Véritable opération blitzkrieg menée aux commandes d’un char d’assaut lancé à pleine allure que rien ne pourrait arrêter, Panzer Division Marduk est et restera le disque le plus agressif et intransigeant de Marduk mais aussi l’un des albums les plus redoutables de sa génération (peu à l’époque ont été capables de délivrer un tel niveau de violence concentrée). Si nombreux sont ceux à ne pas avoir appréciés cette posture particulièrement radicale empruntée ici par les Suédois (posture qui ne sera d’ailleurs pas réitérée par la suite puisque les albums suivants seront bien davantage marqués par la présence de séquences mid-tempo), notamment après des albums aux atmosphères et aux compositions effectivement un poil plus développées (on pense bien entendu à l’excellent Nightwing), je reste encore aujourd’hui abasourdi par cette démonstration de force absolument incroyable.
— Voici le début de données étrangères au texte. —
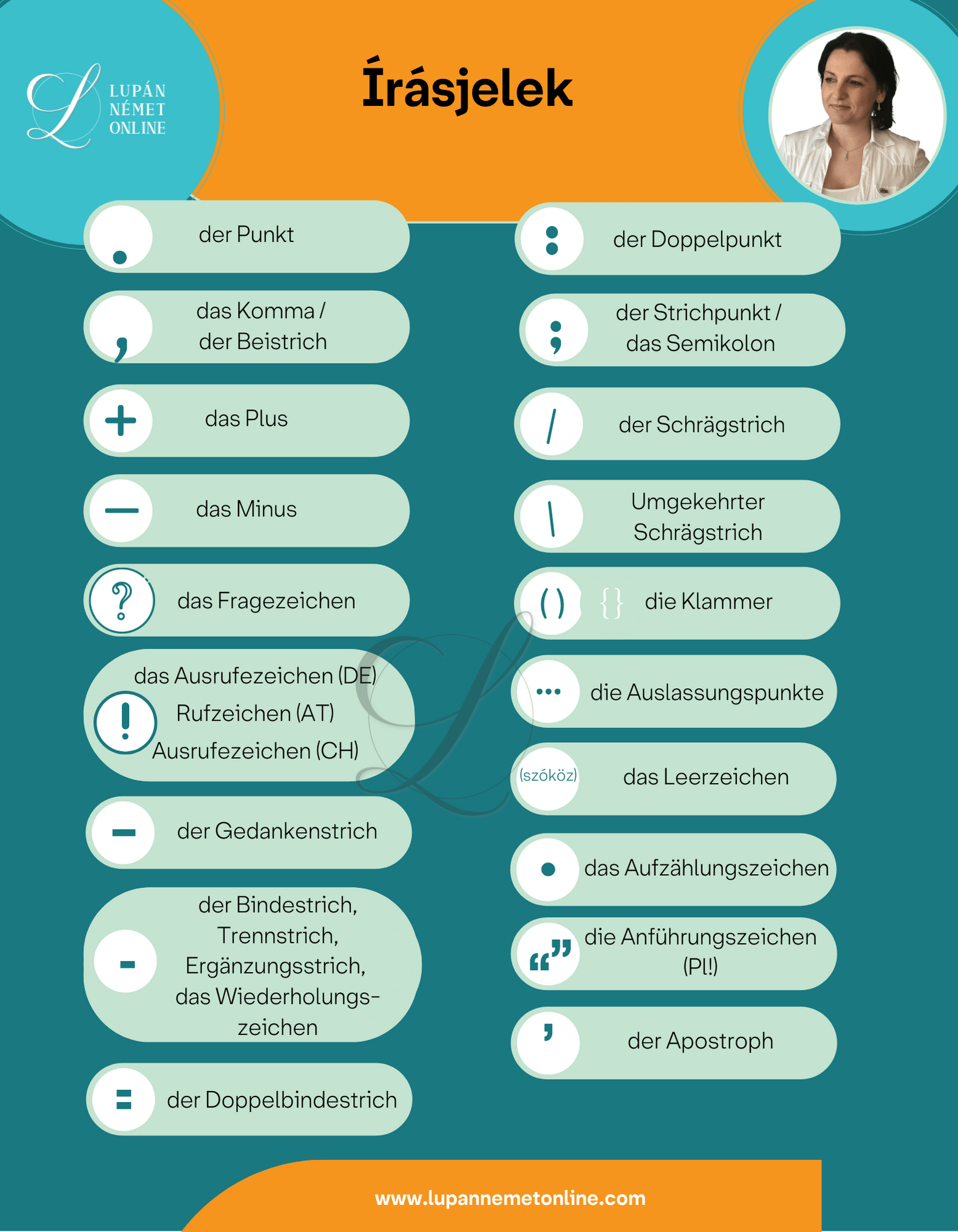 Ez a bejegyzés a segítségedre lesz, melyik írásjelet hogyan is mondjuk németül.

Trente minutes particulièrement jouissives qui, en dépit d’une linéarité évidente et d’une certaine simplicité d’idées, laisse exploser une certaine violence dans ce qu’elle a de plus primitif et de destructeur. Un sacré exutoire/défouloir qui, malgré ce qu’en diront les mauvaises langues, figure assurément parmi les pierres angulaires du Black Metal.